3.4.1 | ugeco

3.4 Big Data Processing

Many modern systems generate or need to analyze massive datasets—"Big Data"—that are too large to be handled by a single machine or a traditional database. This requires specialized distributed processing frameworks. The two primary models for processing Big Data are Batch Processing and Stream Processing.

3.4.a Batch Processing

Batch processing is a method where a large volume of data is collected over time, grouped into a "batch," and then processed all at once in a single, large job.

Analogy: Doing all of your laundry for the week on Sunday. You collect a large batch of clothes and run a big job to wash them all.
Key Characteristics:
- High Throughput: It's optimized to process massive amounts of data efficiently.
- High Latency: There is a significant delay between when data is generated and when the results are available because the job runs on a schedule (e.g., hourly, daily). It is not real-time.
- Bounded Data: It operates on a finite, static dataset (e.g., "all the sales from yesterday").
Use Cases:
- Generating end-of-day financial reports.
- Large-scale ETL (Extract, Transform, Load) jobs to populate a data warehouse.
- Calculating complex analytics over a large historical dataset.
- Training machine learning models.
Common Technologies:
- Hadoop MapReduce: The original, foundational framework for distributed batch processing.
- Apache Spark: A more modern, faster, and more general-purpose framework that has largely superseded MapReduce for most batch tasks due to its in-memory processing capabilities.

3.4.b Stream Processing

Stream processing is a method where data is processed continuously, event-by-event, as it arrives. It operates on data that is in motion.

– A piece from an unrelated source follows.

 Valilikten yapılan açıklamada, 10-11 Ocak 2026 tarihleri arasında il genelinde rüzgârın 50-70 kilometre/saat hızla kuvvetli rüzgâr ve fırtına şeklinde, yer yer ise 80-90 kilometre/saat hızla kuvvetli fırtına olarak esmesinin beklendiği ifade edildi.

Analogy: Washing each dish immediately after you finish eating. You process each item (data event) as it comes, in near real-time.
Key Characteristics:
- Low Latency: It's designed to provide results within milliseconds or seconds of the data arriving.
- Real-Time: It enables immediate reaction to events.
- Unbounded Data: It operates on a potentially infinite stream of data with no defined end (e.g., a continuous stream of sensor data or website clicks).
Use Cases:
- Real-time fraud detection in credit card transactions.
- Live monitoring of user activity on a website (clickstream analysis).
- Real-time analytics dashboards.
- Alerting on anomalies from system logs or IoT sensor data.
Common Technologies:
- Apache Flink: A powerful stream processing framework known for its performance and robust state management.
- Apache Spark Streaming / Structured Streaming: Spark's modules for a processing live data streams (often using a "micro-batch" approach).
- Kafka Streams: A client library for building real-time applications and microservices that process data directly from Kafka topics.

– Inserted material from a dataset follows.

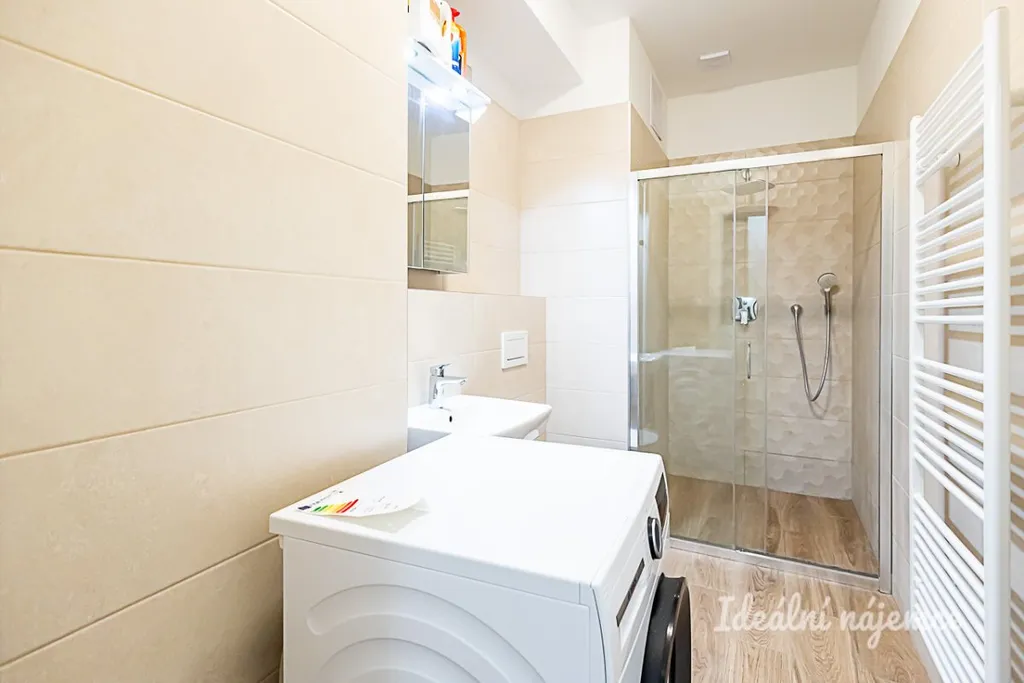 Interiér bytu je navržen tak, aby poskytoval dostatek prostoru i komfortu. Kuchyňská linka je plně připravena k vaření – je vybavena lednicí s mrazákem, elektrickou i mikrovlnnou troubou, varnou deskou, digestoří a myčkou, která vám ušetří čas. Obytná část bytu je velmi světlá a otevřená, což vám dává skvělou příležitost dotvořit si prostor vlastním nábytkem a doplňky přesně podle vašeho vkusu. Koupelna nabízí čistý a funkční design se sprchovým koutem, umyvadlem, toaletou a je vybavena pračkou.

Comparison: Batch vs. Stream

Feature	Batch Processing	Stream Processing
Data Scope	Bounded, large, static datasets	Unbounded, continuous data streams
Latency	High (minutes to hours)	Low (milliseconds to seconds)
Throughput	Optimized for high bulk throughput	Optimized for low-latency event processing
Analysis	Complex, deep analysis	Simple analysis, aggregations, filtering

Summary for an Interview

Understand the fundamental difference: Batch processes large, finite datasets with high latency, while Stream processes unbounded data continuously with low latency.
Be able to choose the right model for a given task. For example, "To generate our weekly user engagement report, we'll run a nightly batch job using Apache Spark. To detect fraudulent transactions as they happen, we need a stream processing solution using Apache Flink."
Acknowledge that many complex systems use both models. For example, a streaming pipeline for real-time dashboards and a separate batch pipeline for more accurate, in-depth historical analysis (this is often called a "Lambda Architecture").